Test-time scaling (TTS) improves LLM performance by allocating additional computation during inference. Current approaches require researchers to manually craft reasoning patterns and tune heuristics by intuition. This leaves most of the computation-allocation space unexplored and creates suboptimal strategies.

Manual design forces researchers to guess which combinations of branching, pruning, and stopping will work best. These guesses often miss better solutions that automated discovery can find.

AutoTTS Framework

AutoTTS replaces manual heuristic design with environment-driven automated discovery. Instead of designing individual TTS strategies, researchers design environments where optimal strategies emerge automatically.

The framework formulates width-depth TTS as controller synthesis over pre-collected reasoning trajectories. Controllers decide when to:

Branch reasoning paths
Continue current paths
Probe for quality signals
Prune weak paths
Stop computation

This approach evaluates strategies cheaply without repeated LLM calls, making discovery tractable.

Key Technical Innovations

Beta Parameterization: Makes the search space tractable by constraining controller parameters within reasonable bounds.

Fine-grained Execution Traces: Provides detailed feedback that helps agents diagnose why specific TTS programs fail, improving discovery efficiency.

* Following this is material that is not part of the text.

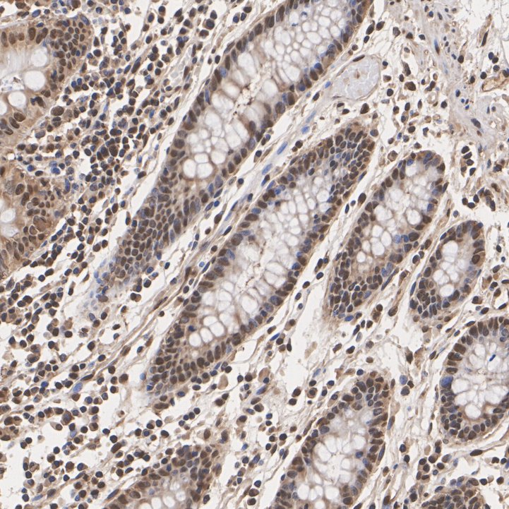 Immunohistochemical analysis of paraffin-embedded human colon tissue with Rabbit anti-Triosephosphate isomerase antibody (HA751520) at 1/1,000 dilution.

Environment Construction: Creates discovery environments with tractable control spaces and frequent, cheap feedback for TTS search.

Implementation Results

AutoTTS discovered strategies that outperform manually designed baselines on mathematical reasoning benchmarks. The automated approach:

Improves accuracy-cost tradeoffs over strong manual baselines
Generalizes to held-out benchmarks and different model scales
Completes discovery in 160 minutes for $39.90

The discovered strategies work across different problem types and model sizes, demonstrating robust generalization beyond training conditions.

Development Impact

AutoTTS shifts LLM optimization from manual strategy design to automated discovery. This approach:

Reduces development time from weeks to hours
Explores strategy spaces humans cannot efficiently search
Produces strategies that generalize across benchmarks and models
Costs less than manual experimentation cycles

Next Steps

Implement AutoTTS by setting up the discovery environment for your specific use case. Define your reasoning trajectory collection process, establish probe signals for quality assessment, and configure the controller synthesis parameters. The framework’s modular design allows adaptation to different reasoning tasks beyond mathematical problems.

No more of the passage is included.